The links between coincidence, determination, and fate have always fascinated me. I like the phrase ‘self determination’. I think it combines two related aspects of the world: the mind of the individual and the force of evolution. It is interesting how they entwine.

This train of thought has been ranging around my mind recently as a result of my sojourn in London last week to celebrate my brother’s sixtieth birthday. It was a special occasion for him. Sixty years ago, it was a special day for my mother who gave birth to her first child. Two inextricably linked but very separate events strutting and fretting their hours across the stage. So I got to thinking about the impact of time, the role of circumstance and the minds of people and, coincidentally enough, I visited three very different exhibitions which also made me reflect on the nature of life and evolution. Each one, in different ways, made me conscious of the minute and the magnified and the connection between the smallest particle to the absolute whole, between the here and the there.

The three exhibitions I visited were Anselm Kiefer at the Royal Academy, William Turner at the Tate Britain and The First World War at the Imperial War Museum. For me, in very different ways, each one of them focused on the importance of detail in life and how extraordinary it is when you see the detail behind the creation. If it doesn’t sound too pompous, each exhibition captured the magic of art in that art happens when the essence of life, cause and effect, is captured on canvas, on the page or in the choreography of the installation.

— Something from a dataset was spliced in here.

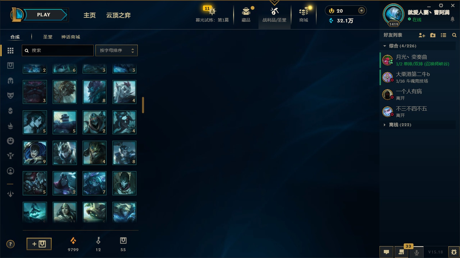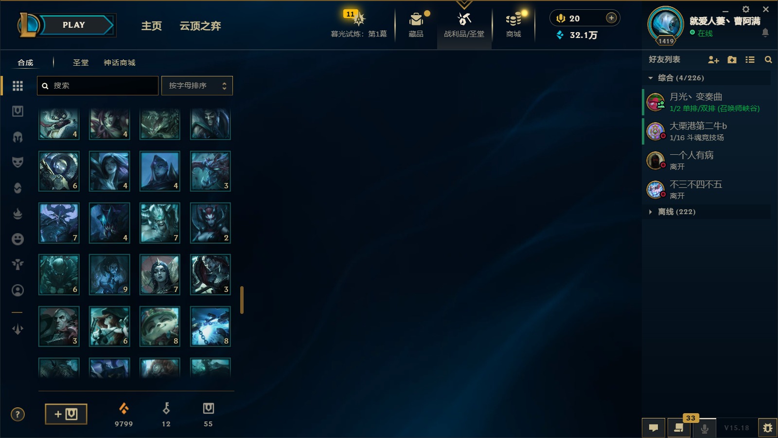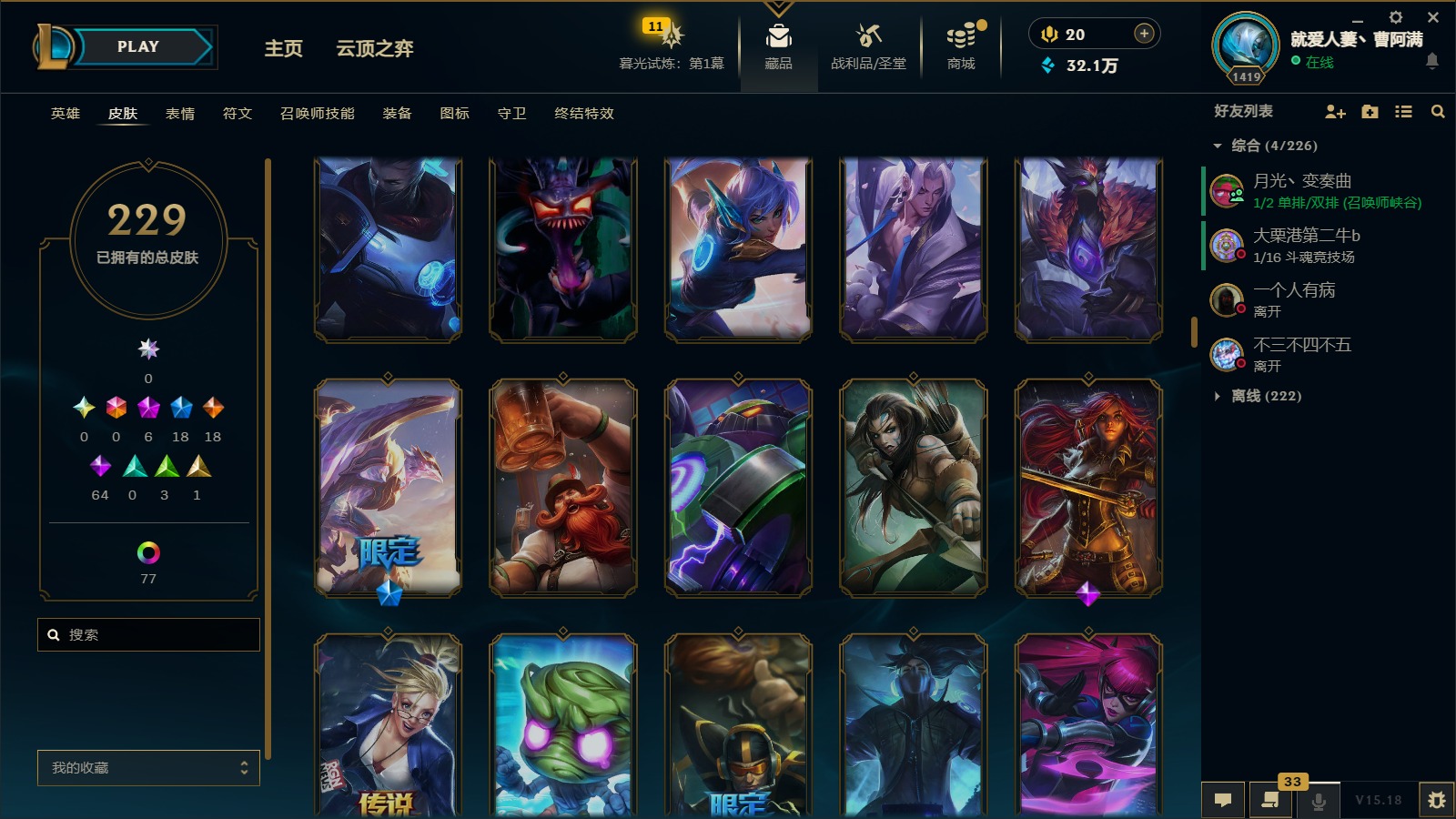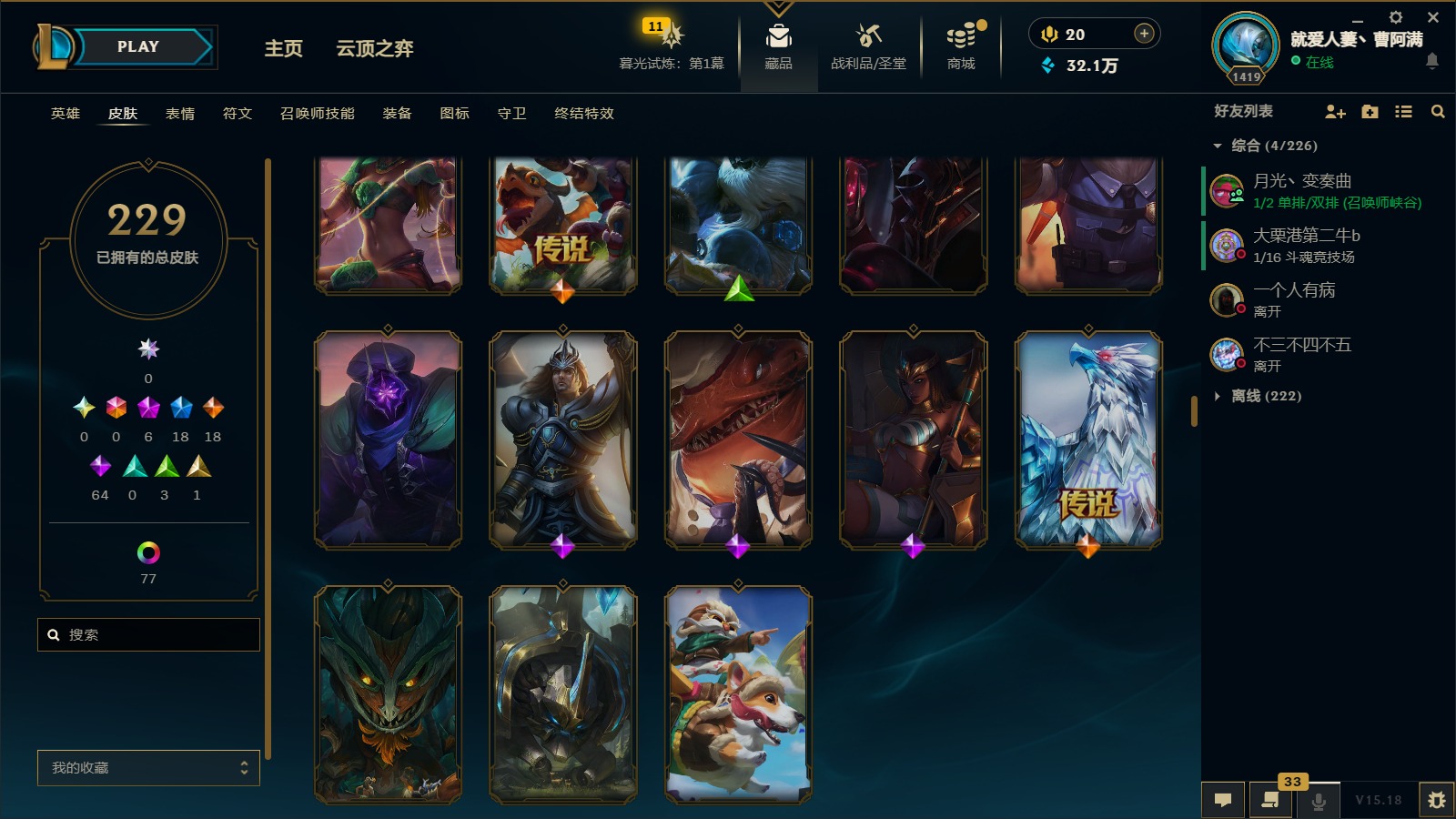 [12195981]6神话 18限定 18传说 64史诗 229皮肤 84炫彩 171英雄 可二次 可修改实名 优质装备:源代码 乐芙兰,防爆天使 凯尔,暗影 沃里克,都铎王朝 图奇,冠军之隐 劫,冠军之血 希瓦娜 凯旋圣装,净雪之月 莫甘娜 冬虹,十五周年纪念 希维尔,魔女 阿卡丽 虚荣 海克斯:海克斯 嘉文四世,海克斯 波比 赛季限定皮:胜利凤凰 艾尼维亚,胜利之运 崔斯特,胜利剑圣 易,胜利女神 娑娜,胜利巨口 克格莫,胜利之王 泰达米尔,胜利机器人 布里茨,胜利女神 瑟庄妮 冠军限定系列:S1FNC 酒桶,S1FNC 嘉文四世 冰雪节限定:冰雪节 炼金,平安夜女神 娑娜,邪恶圣诞老人 维迦 年限:狗年 光辉 周年:10周年 安妮,10周年 凤凰
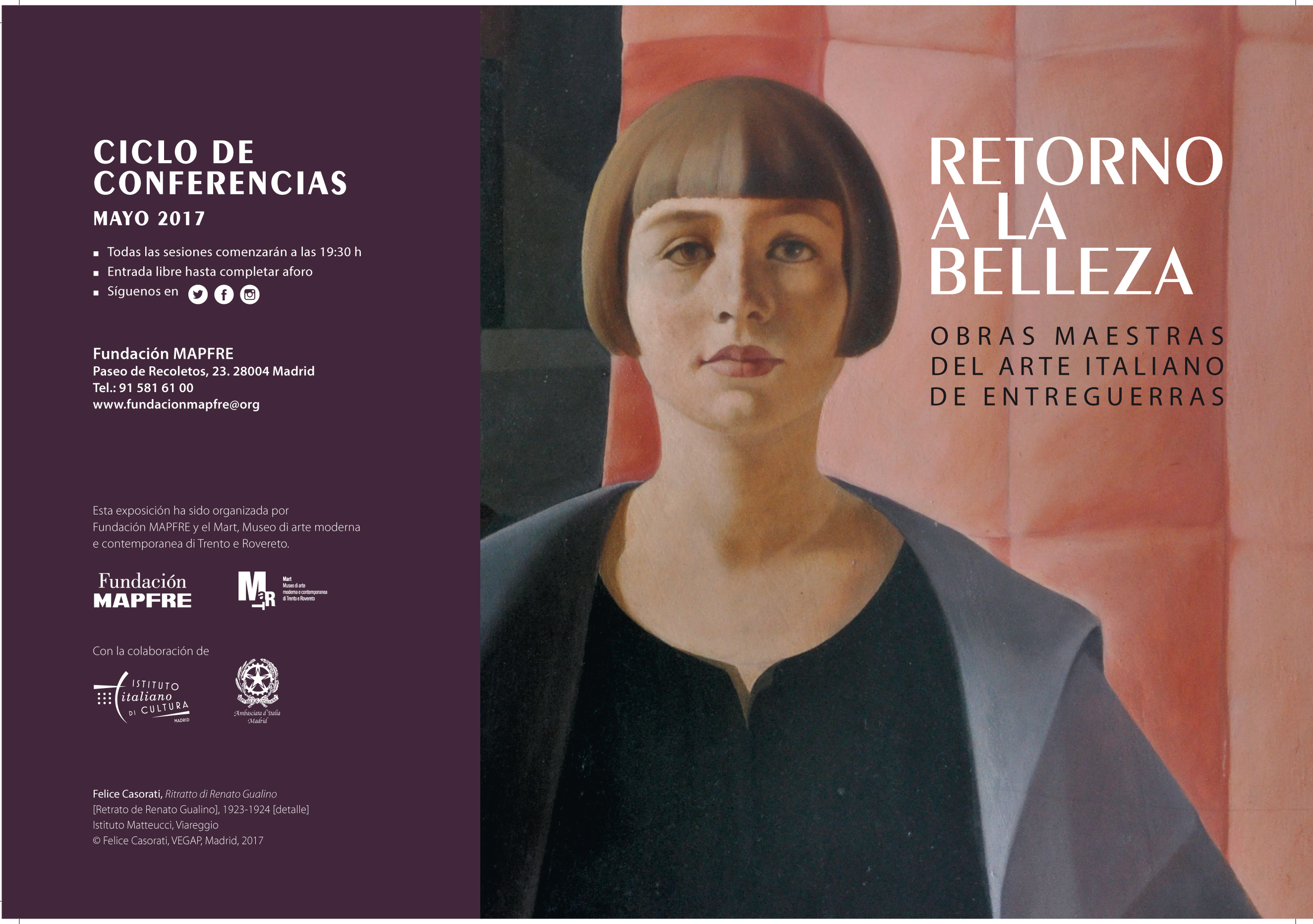 Fundación Mapfre ha organizado, con motivo de la exposición ‘Retorno a la belleza. Obras maestras del arte italiano de entreguerras’, un ciclo de conferencias que tendrá lugar del 8 al 11 de mayo en el auditorio de la fundación. Este ciclo, compuesto por 4 conferencias, analizará las claves de este periodo del arte italiano en el que los artistas, en las primeras décadas del siglo XX, iniciaron un movimiento de recuperación de los ideales clásicos como modelo para reconquistar un lugar y un tiempo dominados por los valores de la belleza y la armonía.

The first exhibition I saw was the William Turner at The Tate. I have always loved William Turner’s sea and city scapes. I was introduced to him by my first love, so there is a sentimental attachment too which will generate its own spin on my mind, but I love how the washed out strokes of his water colour paintings create the broad watery surfaces of the ocean, the fading yet brilliant intensity of sunset and dawns. His yellows, burnt oranges, hues of blue and green draw me in to the paintings. Brilliant! After a minute or two of staring, out of the swirl of colour, out of the brush strokes of sea or land scape, the details of civilisation emerge out of the storm or trees. The fine intricate lines of distant churches, bridges, buildings slowly emerge through the light. Amazing! Suddenly you see, beneath the maelstrom, the detail of people.

Next I went to the WW1 exhibition at the Imperial War museum. This was detail in your face! Loud, graphic, brash, it leads you through the perils of nationalism, hatred, love, war using historical artefacts (uniforms, helmets, rifles, powdered egg) film, art, education. It is brilliantly curated so that you journey across all fronts (educational, emotional and actual war fronts). I left feeling assaulted, exhausted, and horrified at our capacity for destruction and exhilarated at our ability to survive.

Finally, after spinning through the crowds and queues of Piccadilly, I found myself staring at the enormous canvases of German artist, Anselm Kiefer. According to the ‘blurb’ Kiefer is absorbed by our purpose on earth and our relationship with the celestial and human history. His canvases are installations of sand, shale, concrete, paint, brick, sawdust, ash. He uses sunflowers frequently in his canvases. He said “when I look at ripe, heavy sunflowers bending to the ground with blackened seeds…I see the firmament and the stars.” I loved the contrast and contradictions of humanity, destruction, re-birth and re-construction in his work.

So who are we in this universe and what role does each of us play? Are we each a black sunflower seed? We need to determine for ourselves but we cannot without each other or the various constructions we or the universe composes. To celebrate his birthday, my mother had to give birth to my brother.

Even now, here, as I write with pen and paper in the year 2014, alone in this dark early morning, in the lamplight, in the middle of nowhere, my meandering thoughts are yielded to the page and transferred to you, the reader, forcing you to stir (be it with boredom, heavy sigh or amusement), yet that is not my intention. I just want to decipher myself, but in so doing, I need you to help me by being there. So, thanks for that!